Records shown »

_____

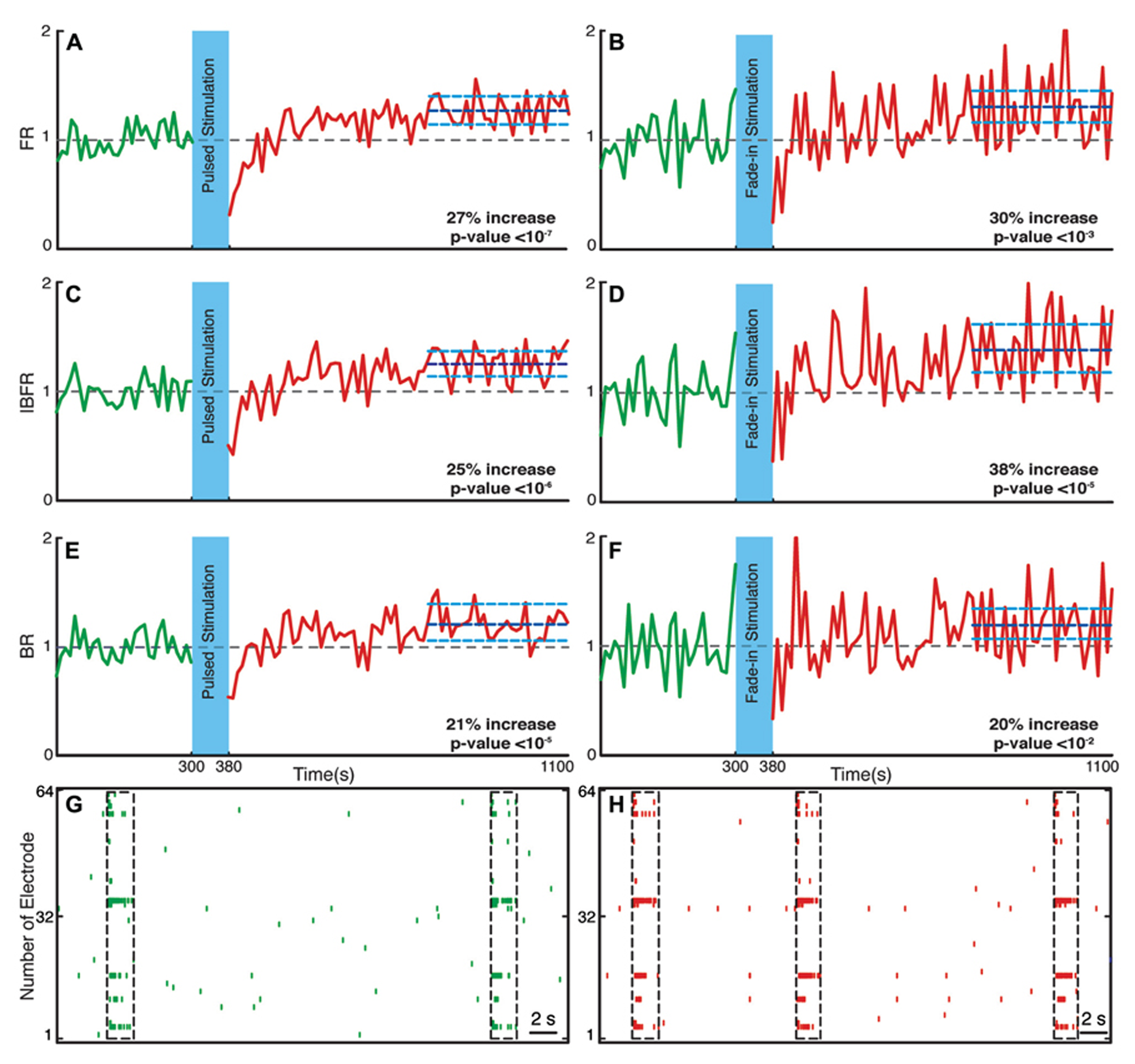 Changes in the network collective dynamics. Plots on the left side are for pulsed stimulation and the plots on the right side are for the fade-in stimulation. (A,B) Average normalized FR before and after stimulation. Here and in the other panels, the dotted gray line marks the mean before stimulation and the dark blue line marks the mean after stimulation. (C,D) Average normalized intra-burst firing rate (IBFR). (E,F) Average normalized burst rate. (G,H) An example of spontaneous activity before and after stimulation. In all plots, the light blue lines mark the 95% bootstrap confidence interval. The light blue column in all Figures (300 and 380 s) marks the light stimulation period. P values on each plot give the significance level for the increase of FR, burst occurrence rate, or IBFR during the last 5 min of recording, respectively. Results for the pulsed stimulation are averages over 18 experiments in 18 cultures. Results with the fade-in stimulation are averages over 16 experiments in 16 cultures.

_____

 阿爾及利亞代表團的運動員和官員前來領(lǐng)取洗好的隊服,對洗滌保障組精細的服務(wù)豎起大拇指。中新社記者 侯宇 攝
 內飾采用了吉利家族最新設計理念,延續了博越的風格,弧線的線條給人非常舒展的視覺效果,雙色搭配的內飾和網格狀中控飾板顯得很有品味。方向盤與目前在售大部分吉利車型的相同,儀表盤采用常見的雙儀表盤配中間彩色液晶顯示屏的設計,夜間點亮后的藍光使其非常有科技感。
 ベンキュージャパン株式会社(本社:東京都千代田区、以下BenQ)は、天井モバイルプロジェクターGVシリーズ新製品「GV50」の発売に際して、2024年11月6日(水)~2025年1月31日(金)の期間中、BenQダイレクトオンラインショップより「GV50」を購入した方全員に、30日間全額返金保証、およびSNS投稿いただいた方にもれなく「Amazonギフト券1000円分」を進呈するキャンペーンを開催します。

_____

Requirement » Among the entries above, locate the lines containing "內飾采用了吉利家族最新設計理" and "ベンキュージャパン株式会社(本社:東京都", and transcribe exactly those two lines and all lines between.

Finished exercise »
 內飾采用了吉利家族最新設計理念,延續了博越的風格,弧線的線條給人非常舒展的視覺效果,雙色搭配的內飾和網格狀中控飾板顯得很有品味。方向盤與目前在售大部分吉利車型的相同,儀表盤采用常見的雙儀表盤配中間彩色液晶顯示屏的設計,夜間點亮后的藍光使其非常有科技感。
 ベンキュージャパン株式会社(本社:東京都千代田区、以下BenQ)は、天井モバイルプロジェクターGVシリーズ新製品「GV50」の発売に際して、2024年11月6日(水)~2025年1月31日(金)の期間中、BenQダイレクトオンラインショップより「GV50」を購入した方全員に、30日間全額返金保証、およびSNS投稿いただいた方にもれなく「Amazonギフト券1000円分」を進呈するキャンペーンを開催します。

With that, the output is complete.